### WHAT YOU SHOULD DO
Please return the data that follows precisely as written, but without the images.
(Beginning of SUPPLIED MATERIAL)
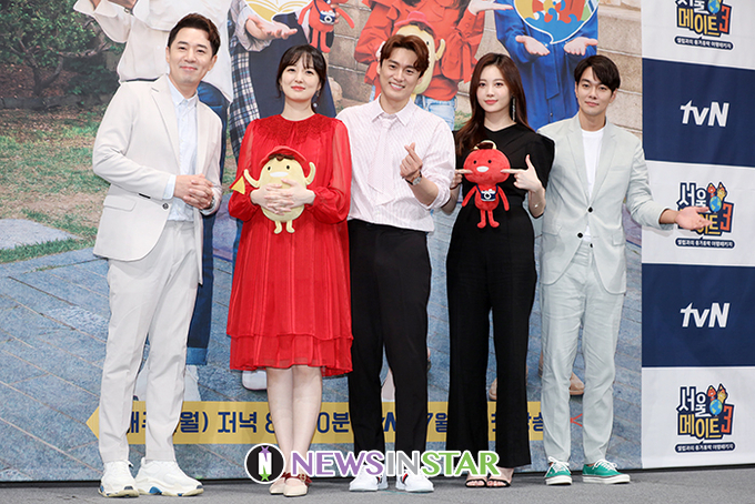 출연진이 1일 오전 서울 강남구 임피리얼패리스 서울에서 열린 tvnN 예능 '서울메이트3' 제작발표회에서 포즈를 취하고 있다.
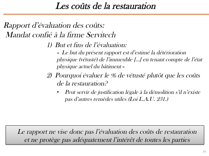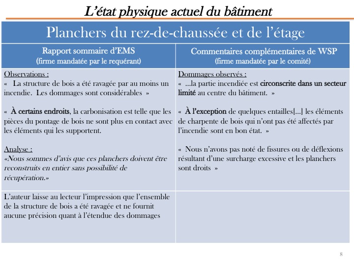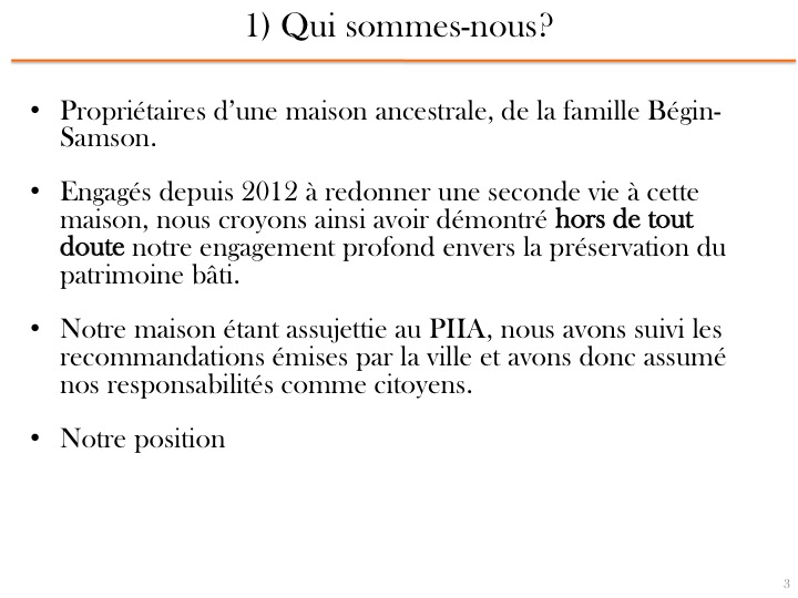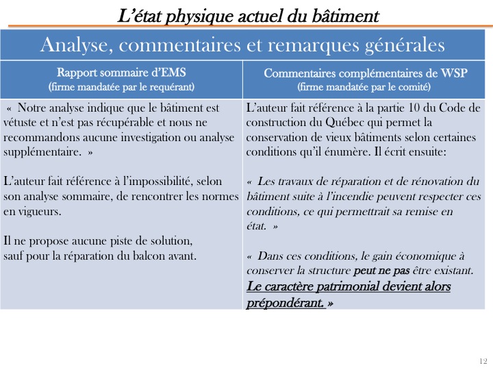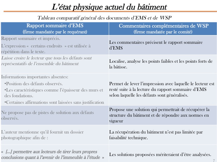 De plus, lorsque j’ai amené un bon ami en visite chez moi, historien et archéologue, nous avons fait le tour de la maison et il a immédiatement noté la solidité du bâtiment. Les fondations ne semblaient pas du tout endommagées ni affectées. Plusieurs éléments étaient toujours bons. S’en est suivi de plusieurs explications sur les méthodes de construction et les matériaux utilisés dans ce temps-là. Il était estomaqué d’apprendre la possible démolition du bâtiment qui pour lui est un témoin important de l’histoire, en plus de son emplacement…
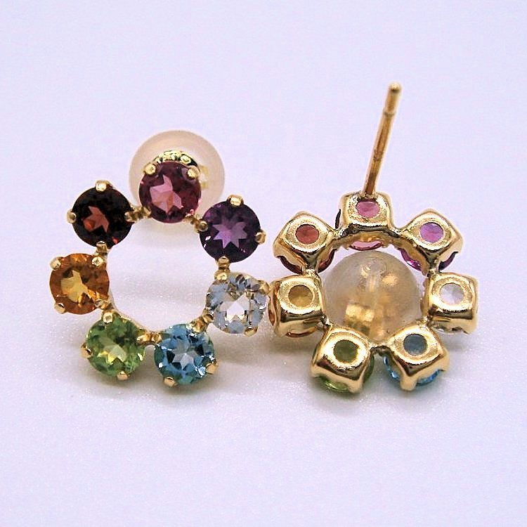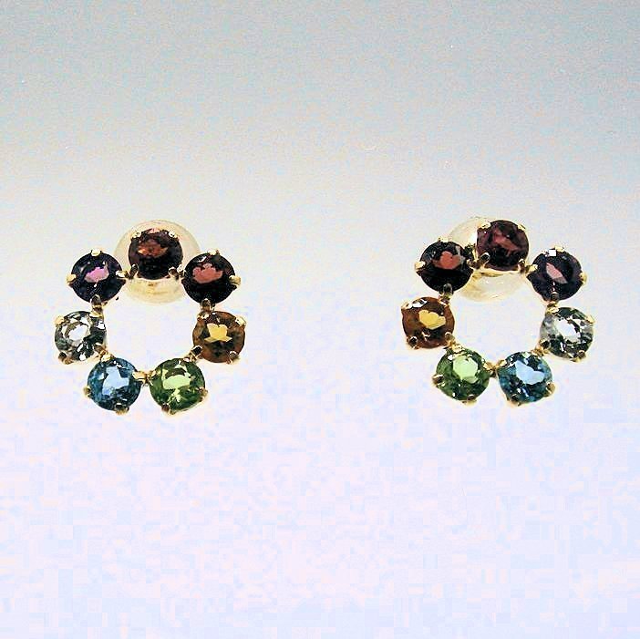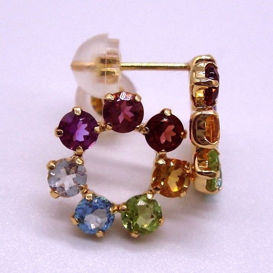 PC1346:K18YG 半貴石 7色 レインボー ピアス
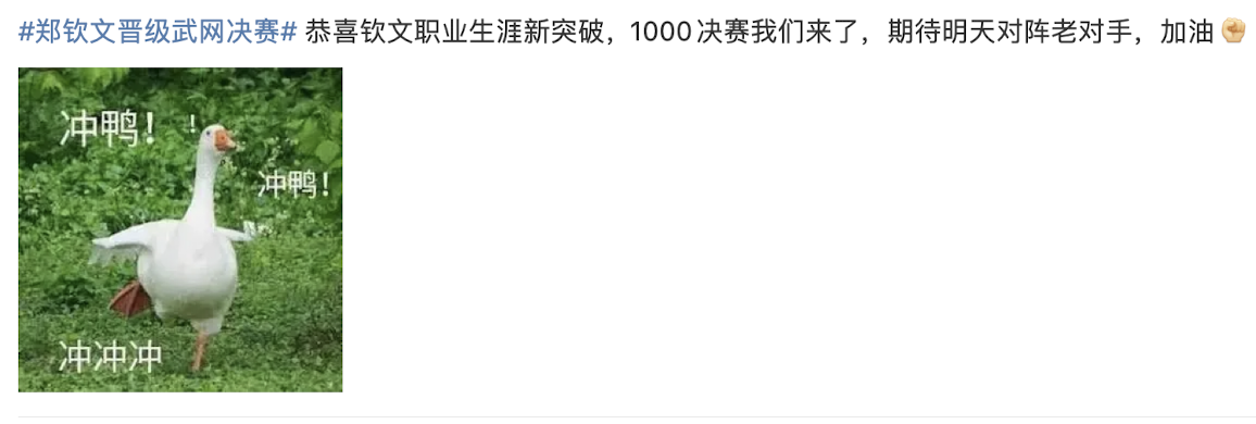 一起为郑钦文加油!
(End of SUPPLIED MATERIAL)
### ANSWER BOX
 출연진이 1일 오전 서울 강남구 임피리얼패리스 서울에서 열린 tvnN 예능 '서울메이트3' 제작발표회에서 포즈를 취하고 있다.
 De plus, lorsque j’ai amené un bon ami en visite chez moi, historien et archéologue, nous avons fait le tour de la maison et il a immédiatement noté la solidité du bâtiment. Les fondations ne semblaient pas du tout endommagées ni affectées. Plusieurs éléments étaient toujours bons. S’en est suivi de plusieurs explications sur les méthodes de construction et les matériaux utilisés dans ce temps-là. Il était estomaqué d’apprendre la possible démolition du bâtiment qui pour lui est un témoin important de l’histoire, en plus de son emplacement…
 PC1346:K18YG 半貴石 7色 レインボー ピアス
 一起为郑钦文加油!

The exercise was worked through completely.